HB 87 (and its Senate counterpart, SB 996) would require the state supreme court or district courts of appeal to send a copy of any decision that
- declares a Florida statute, regulation, or government practice unconstitutional
- recommends any statutory or regulatory changes to the current law, or
- identifies drafting issues
to the Governor, the President of the Senate, and the Speaker of the House of Representatives within 30 days of the decision. The three officers would have 30 days to acknowledge receipt and “may state in the acknowledgment any and all action to be taken in response to the opinion.”
The House bill is set for a hearing before the Judiciary Committee’s Civil Justice subcommittee on March 8.
The Florida Supreme Court’s power to set rules of practice and procedure are among the broadest in the nation, as well as among the hardest to be overridden by the legislature. The Judiciary Article of the state constitution holds:
The supreme court shall adopt rules for the practice and procedure in all courts including the time for seeking appellate review, the administrative supervision of all courts, the transfer to the court having jurisdiction of any proceeding when the jurisdiction of another court has been improvidently invoked, and a requirement that no cause shall be dismissed because an improper remedy has been sought…Rules of court may be repealed by general law enacted by two-thirds vote of the membership of each house of the legislature.
Two newly elected members of Florida’s House, however, attempted to transfer the rule making power as to death penalty cases directly to the legislature. HJR 73 of 2011 (as filed on December 16, 2010) would have added a section to the Legislative Article that read:
Notwithstanding any other provision of this constitution, the Legislature by general law shall adopt rules governing time limits, procedures, and processes relating to all death penalty cases and related proceedings in all courts.

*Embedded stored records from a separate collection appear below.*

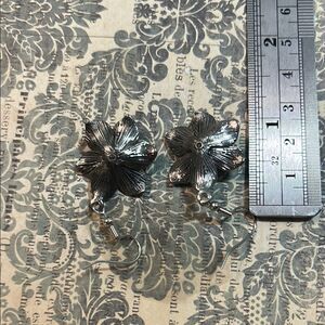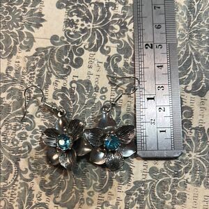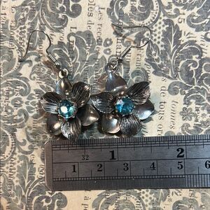 Elegant silver floral earrings featuring striking blue accents. Perfect for adding a touch of sophistication to any outfit. Taken from a broken necklace. G171
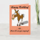A cartoon donkey graces the front of this card wishing someone a Happy Birthday. A comical card.
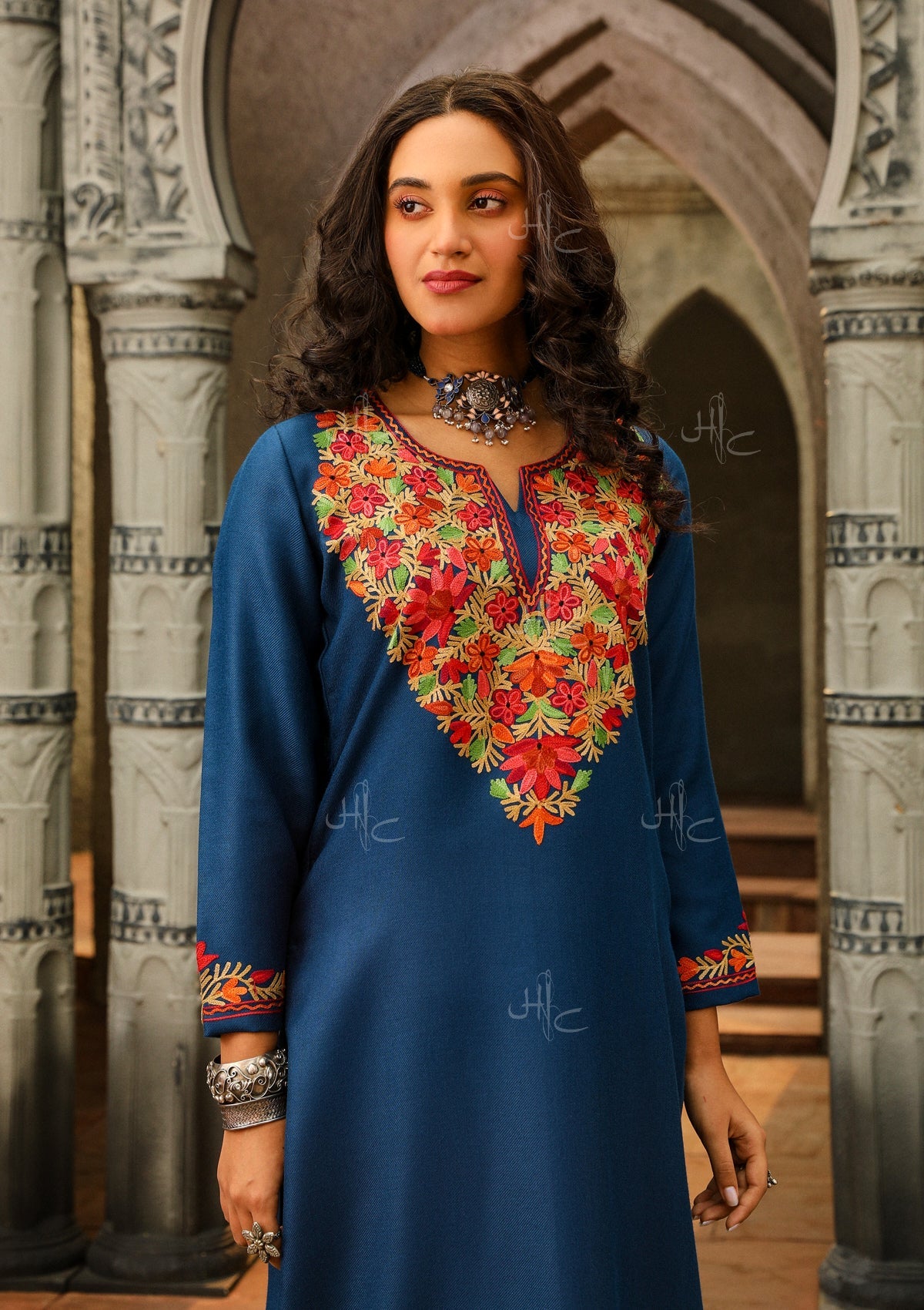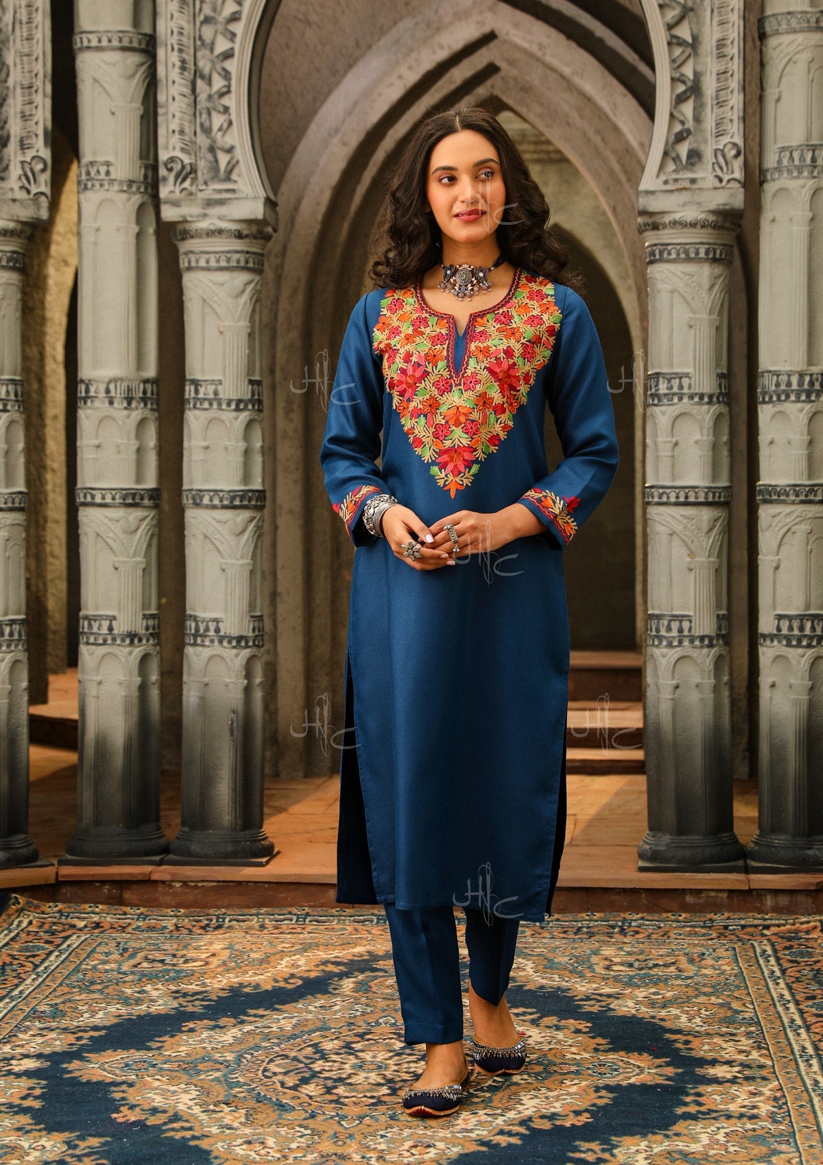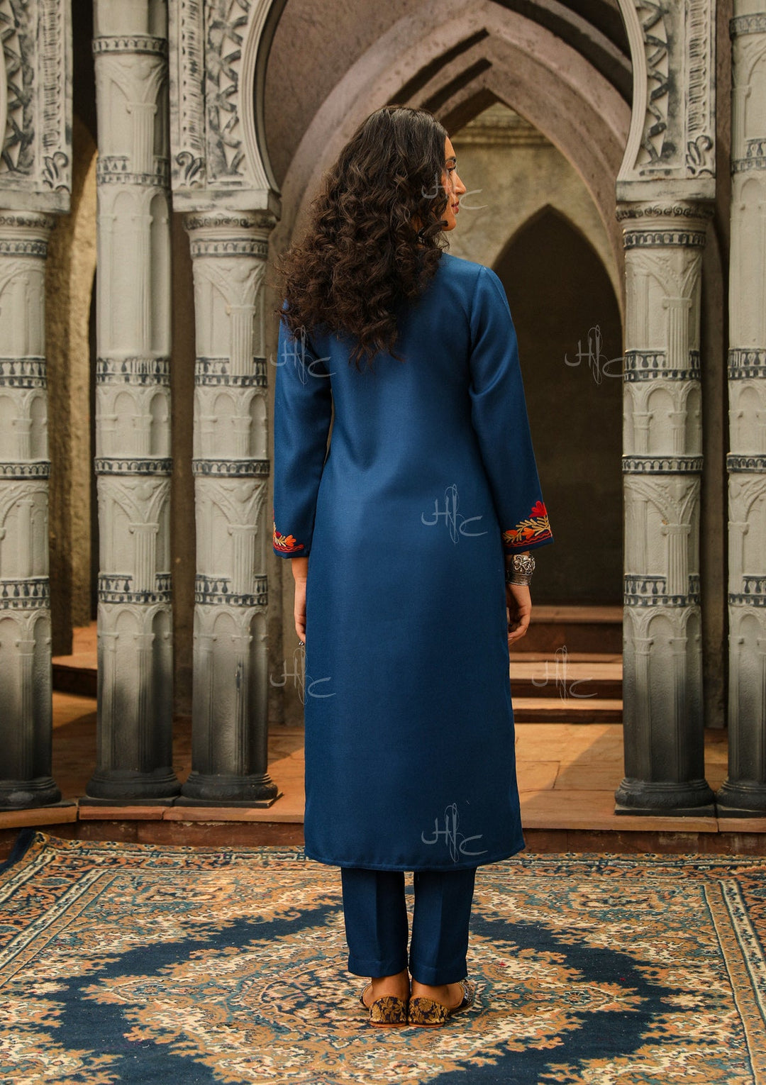HOC Wool Aari Embroidered Straight Kurta Set- Blue
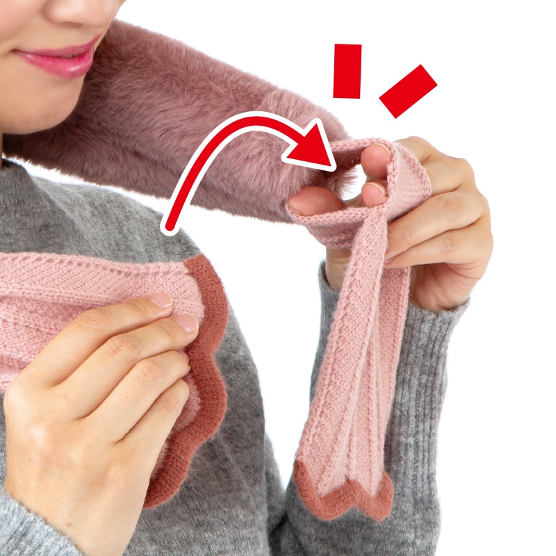 ループ穴に通すだけ!簡単着脱&ズレにくい。スッと通すだけなので、不器用さんでも簡単にお洒落が叶います。 サッと巻くだけで暖かく、華やかさもプラス。つけても外してもかさばりにくい、ほどよいサイズです。
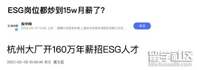 有的公司還直接開(kāi)設(shè)了ESG相關(guān)崗位——ESG獵頭曾經(jīng)直接表示:“企業(yè)ESG部門(mén)經(jīng)理月薪10-15萬(wàn),應(yīng)屆生起薪2-4萬(wàn),已經(jīng)算個(gè)正常薪資水平?!?BR> 另外,據(jù)多家媒體近日?qǐng)?bào)道,ESG崗位招聘火熱,部分月薪炒至15萬(wàn),有杭州大廠160萬(wàn)年薪招聘ESG人才。
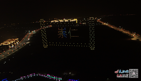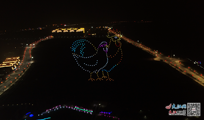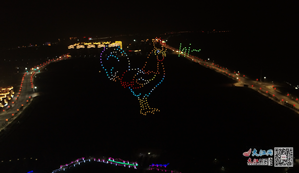 在现场的表演中,出场节目就非常惊艳,先是在夜空出现卷轴,卷轴缓缓打开,随后出现“崇仁”二字,画面栩栩如生,令现场观众称赞不已。接下来“崇仁麻鸡”登场,“麻鸡”在空中做运动状态,向现场观众打招呼,随后画面一转,变为一对相伴的麻鸡,向现场观众展现了“中国麻鸡之乡”的热情好客。
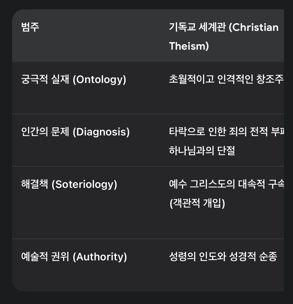 - 기독교 세계관: 성경적 진리를 기반으로 창조(Creation), 타락(Fall), 구속(Redemption), 완성(Consummation)의 거대한 서사를 통해 세상의 기원, 문제, 해결책을 총체적으로 해석하는 관점이다. 이는 초월적 인격신 하나님이 만물의 유일한 근원이라는 전제를 포함한다.
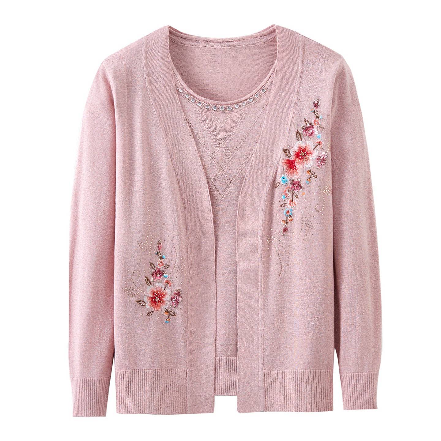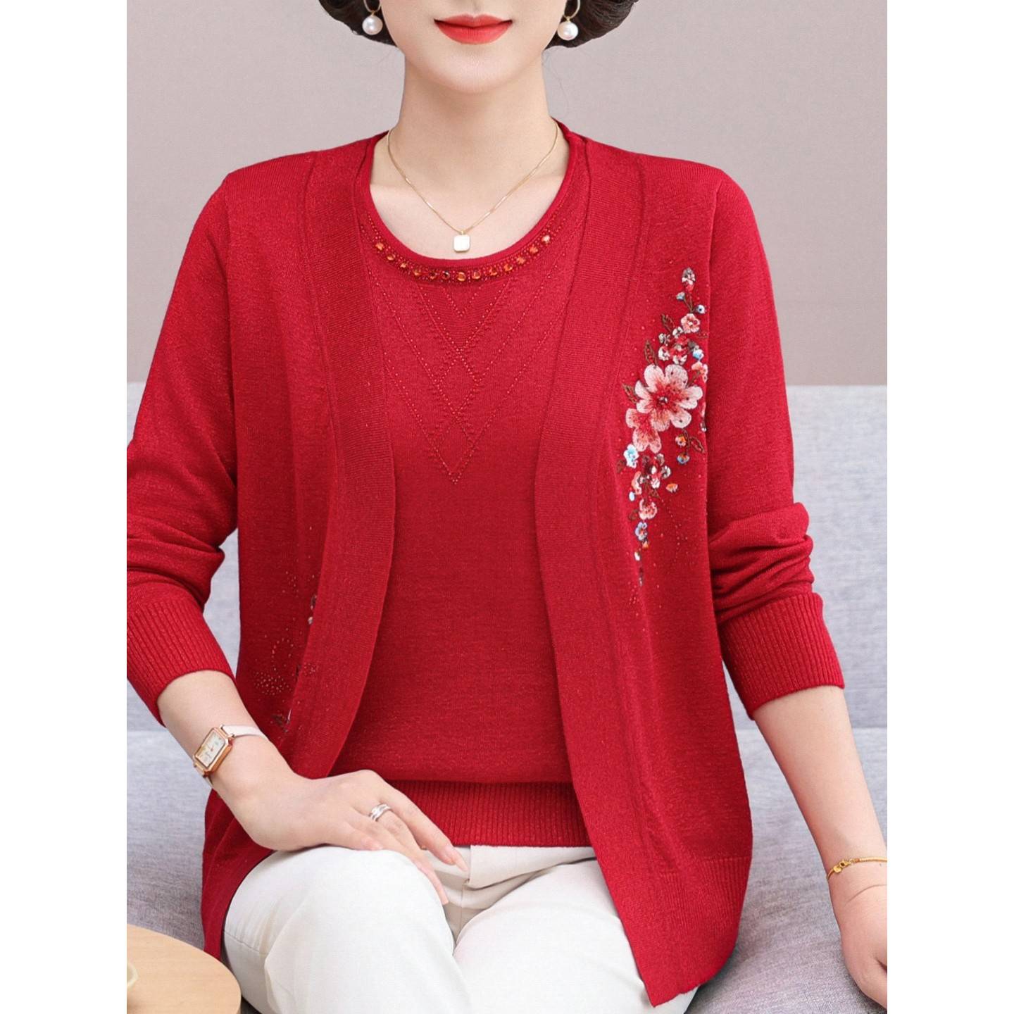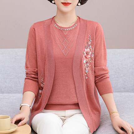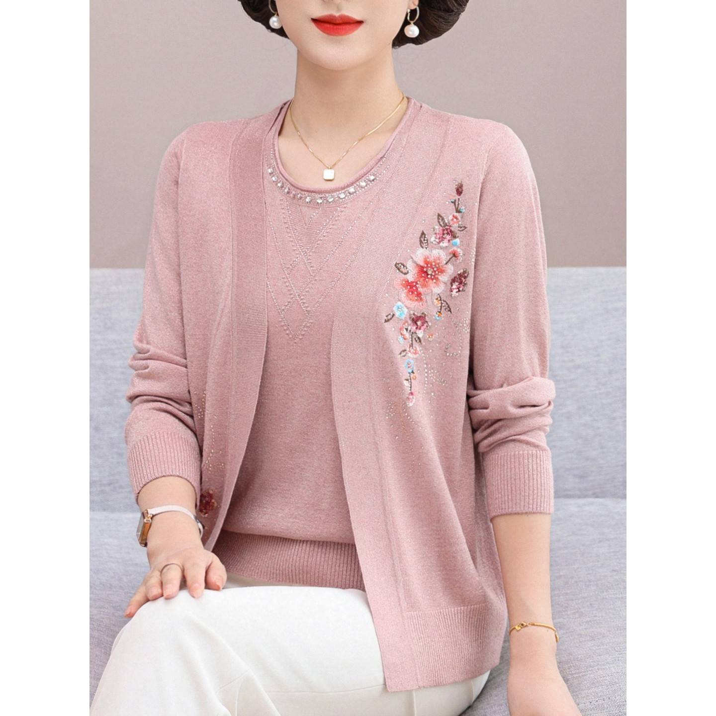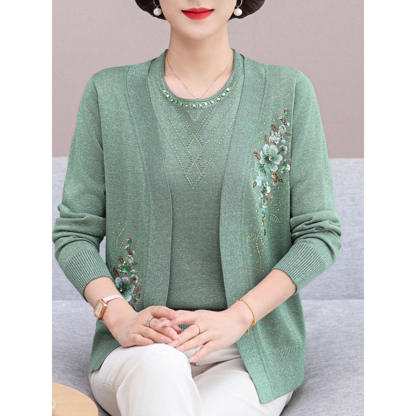 洋气妈妈桑蚕丝针织开衫女春秋两件套装加肥加大码中老年薄款外搭
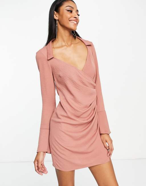 ASOS DESIGN 70s drape front wrap mini dress in pink ASOS
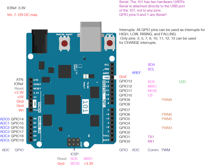 Note: You can also power the Arduino 101 from the Vin pin by using a power supply but I would say not to do it this way at the moment. You can do it later on once you know everything is working as it should.
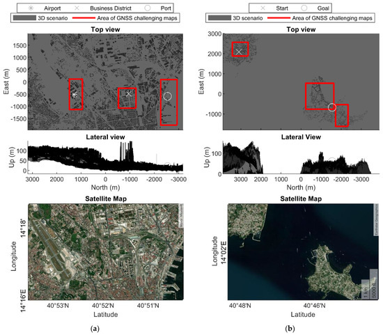 - 3D map with fixed obstacles and no fly zones. Fixed obstacle maps are obtained from publicly available representation of the environment available on open source platforms, such as CityGML [19] or OpenStreetMap.
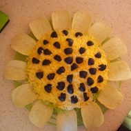 Before serving the salad, garnish the edges with chips and sprinkle crushed sunflower seeds in the center.
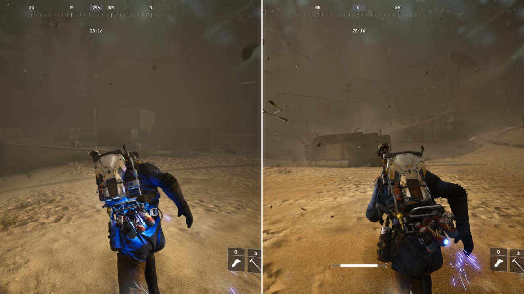 The Hurricane’s wind can either hinder or help your movement. Pay attention to its direction, as running with the wind speeds you up while moving against it slows you down. This effect also influences jumping, sliding, and dodge rolls.

The state bar’s Board of Governors on December 10 adopted a legislative position against any effort to alter the Supreme Court’s rule making power:
Opposes amendment of Article V, Section 2(a) of the Florida Constitution that would alter the Supreme Court’s authority to adopt rules for practice and procedure in all courts, or that would change the manner by which such rules may be repealed by the Legislature.
On December 30, precisely two weeks after the Constitutional Amendment was proposed, it was withdrawn by its sponsors.
There have been numerous efforts to try and avoid the excesses of judicial elections, but one Florida House member has proposed a unique solution. In 2010, Broward County faced an “unwieldy primary election for judges [with] 42 candidates including 15 incumbents in 20 races”. (h/t Florida Bar News) This prompted state Sen. Jeremy Ring to introduce SB 140, a constitutional amendment that increases the number of years a person must be a member of the Florida bar before being eligible for a trial court judgeship. Circuit and county court judges would need to have 10 years as an attorney (currently 5 years for circuit, and bar admission only for county), the same qualifications needed as with the state’s appellate courts. An identical bill (HB 47) was also introduced in the House.
Earlier in 2010, Gavel to Gavel looked at efforts by state legislatures to mandate more electronic filing of court documents. Much of the focus was on civil cases, however Florida’s Senate is considering a plan to press for criminal case e-filing. SB 170 of 2011 would require prosecutors and public defenders to e-file documents with the clerk of court and report back on March 1, 2012 on the implementation of the program to the legislature.